What to do -> What you return should be the lines from the one with "まずは、うさぎ跳びなどの運動で開脚跳びの体の動きの感覚をつかみます。" through the one with "Then, out of" in the data below, reproduced exactly with both ends, and no pictures at all.

*** The input Section Begins ***

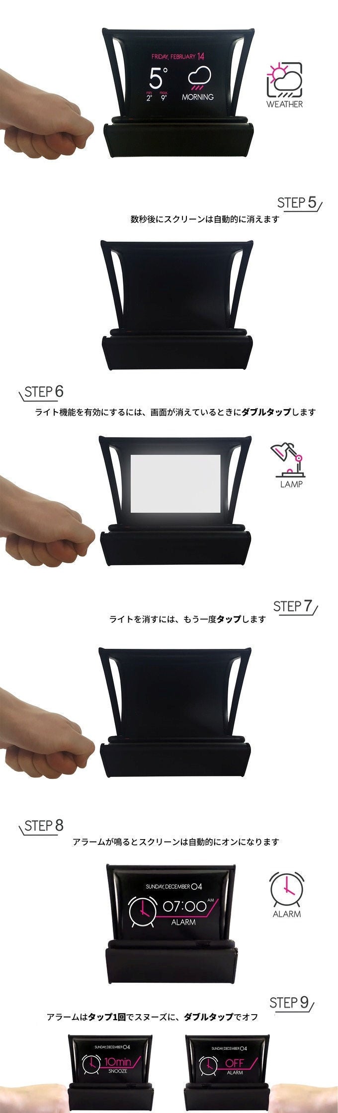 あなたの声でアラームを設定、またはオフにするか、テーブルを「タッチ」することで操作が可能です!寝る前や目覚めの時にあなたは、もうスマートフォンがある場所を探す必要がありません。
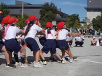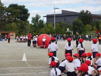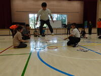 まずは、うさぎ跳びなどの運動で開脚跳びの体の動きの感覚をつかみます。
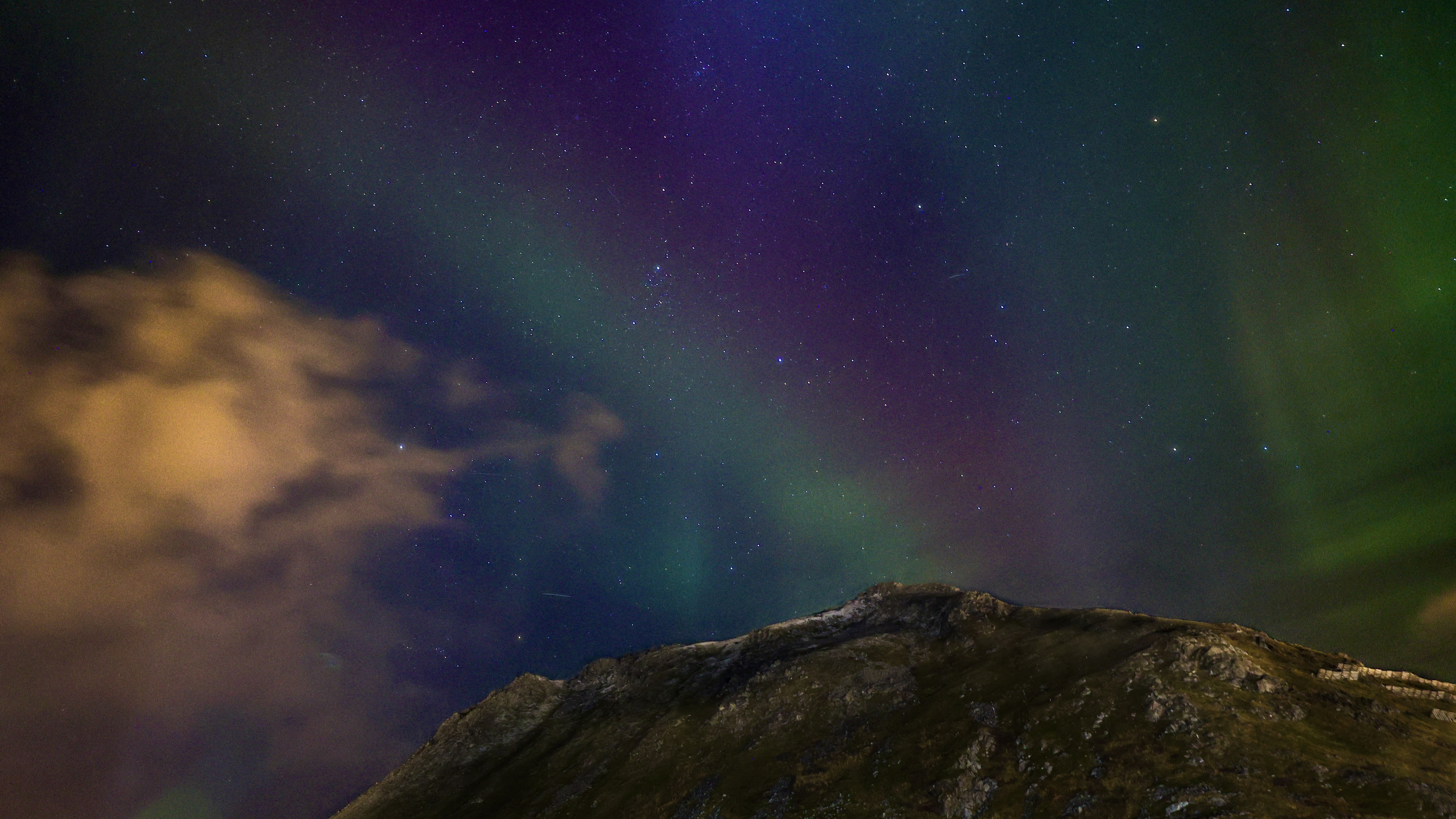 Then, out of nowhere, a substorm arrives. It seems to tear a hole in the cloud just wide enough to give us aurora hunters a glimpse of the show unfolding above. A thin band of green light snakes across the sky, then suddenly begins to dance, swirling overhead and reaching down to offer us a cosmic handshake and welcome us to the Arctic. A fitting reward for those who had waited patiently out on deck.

*** The input Section Ends ***
*** The input Section Begins ***

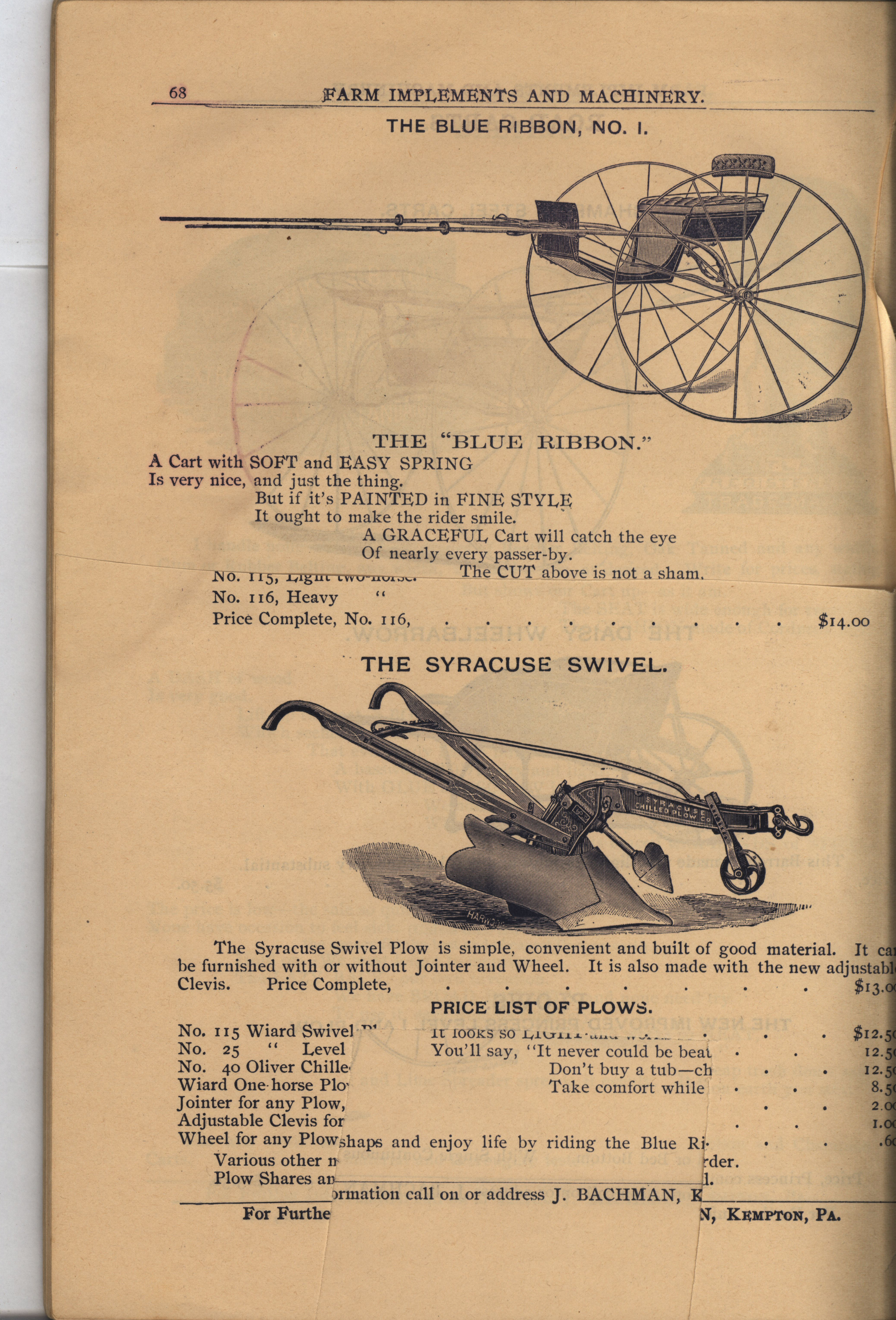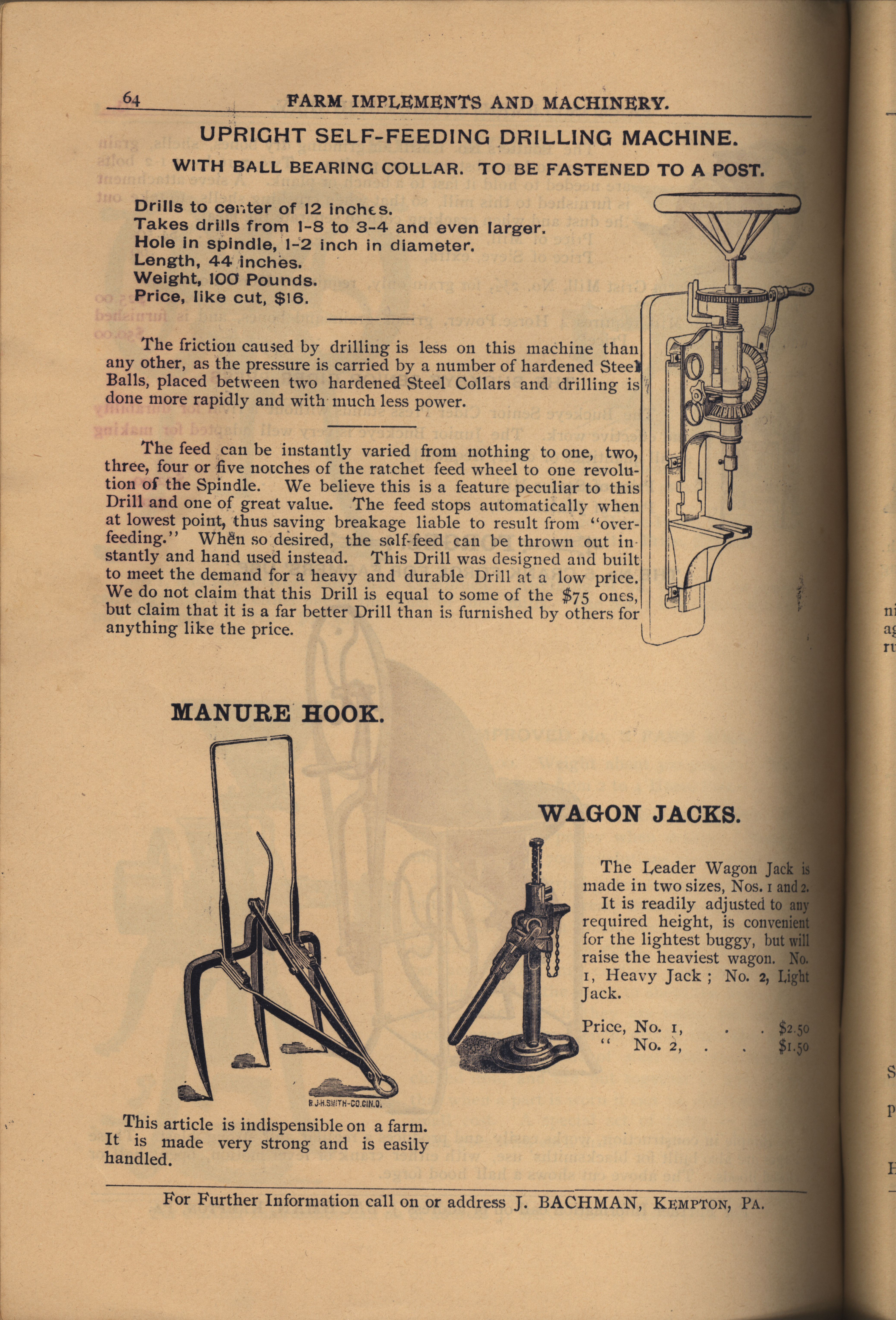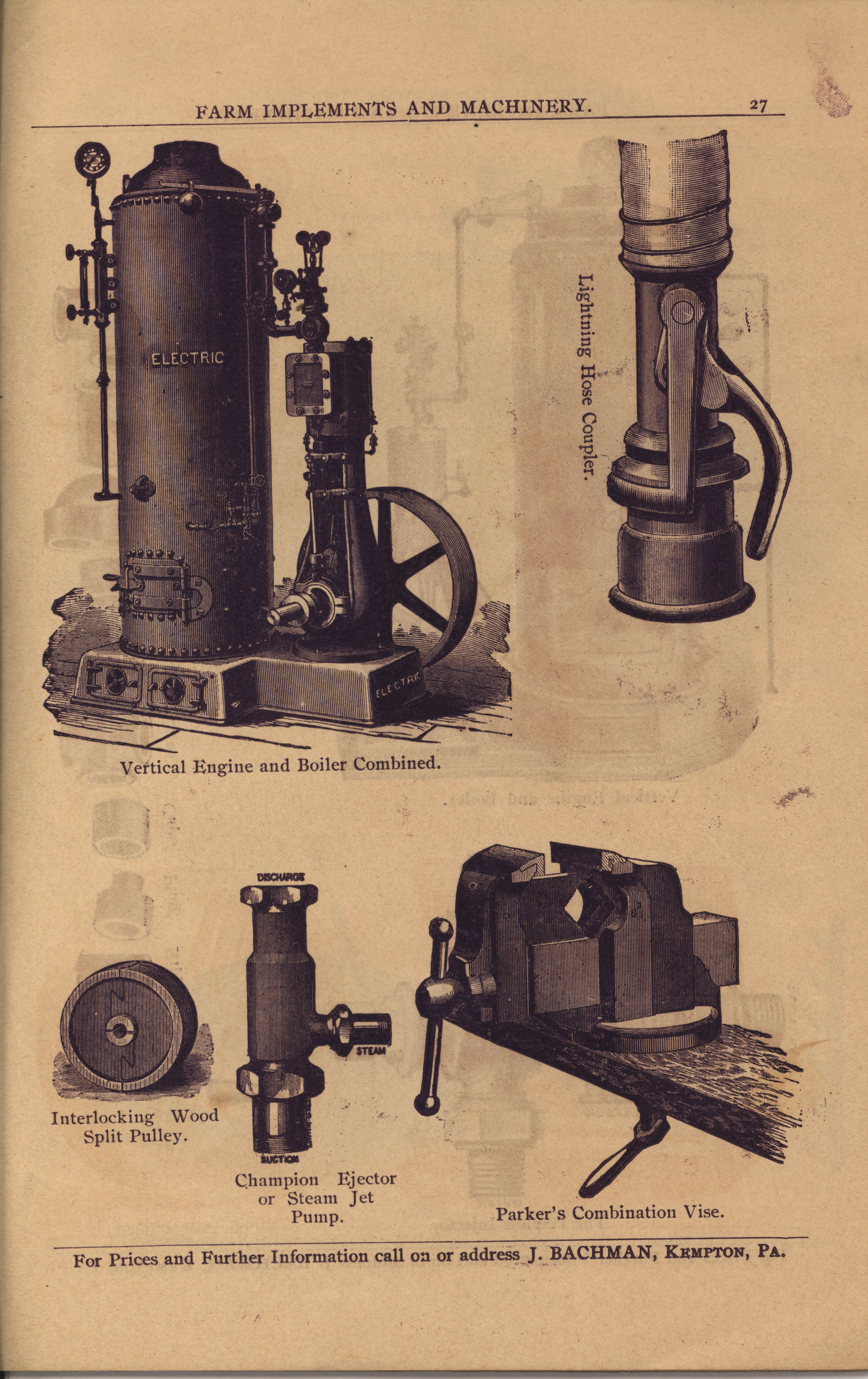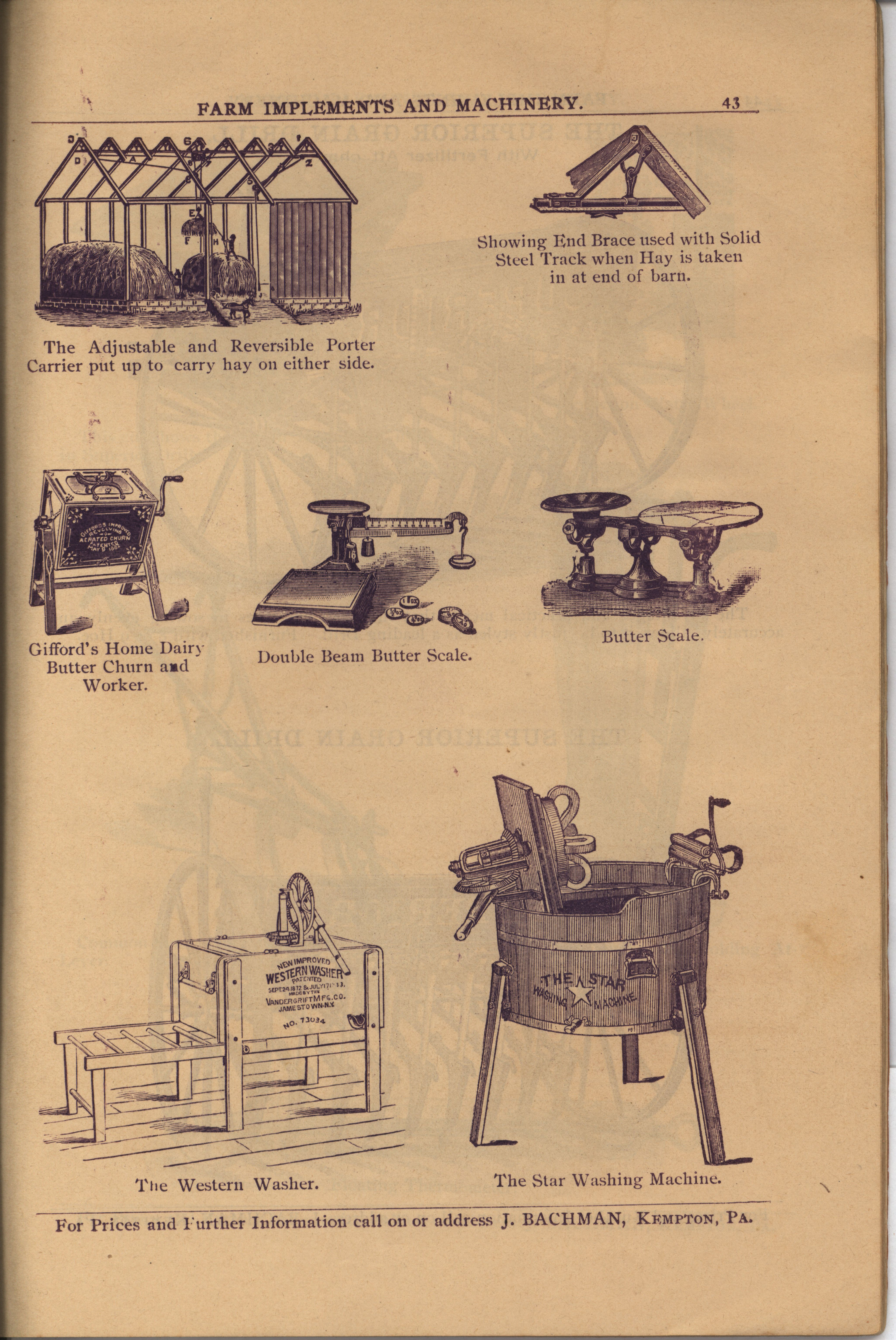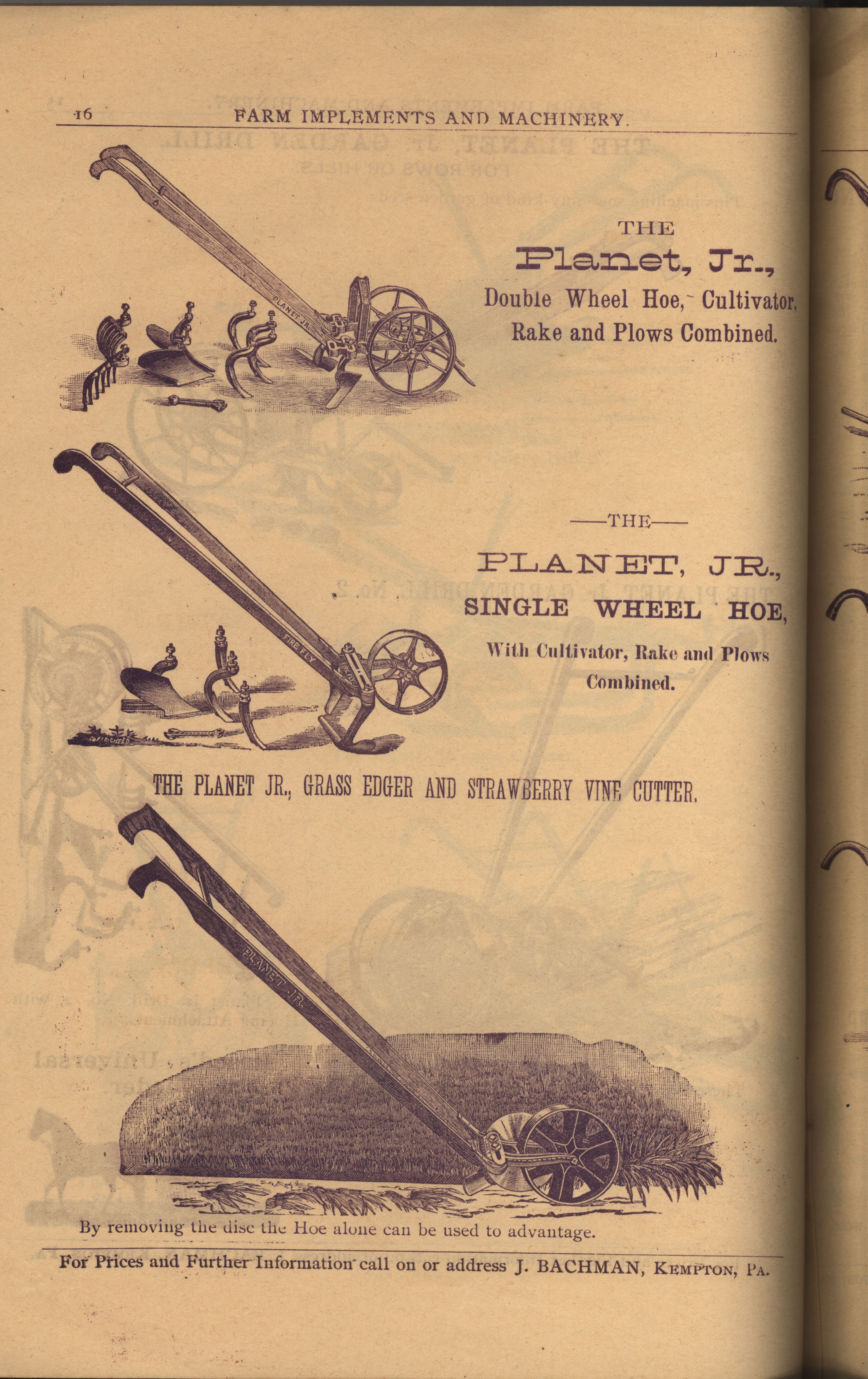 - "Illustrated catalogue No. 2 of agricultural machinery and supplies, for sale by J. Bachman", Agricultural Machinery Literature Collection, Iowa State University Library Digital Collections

*** The input Section Ends ***

Answer area ->
 まずは、うさぎ跳びなどの運動で開脚跳びの体の動きの感覚をつかみます。
 Then, out of nowhere, a substorm arrives. It seems to tear a hole in the cloud just wide enough to give us aurora hunters a glimpse of the show unfolding above. A thin band of green light snakes across the sky, then suddenly begins to dance, swirling overhead and reaching down to offer us a cosmic handshake and welcome us to the Arctic. A fitting reward for those who had waited patiently out on deck.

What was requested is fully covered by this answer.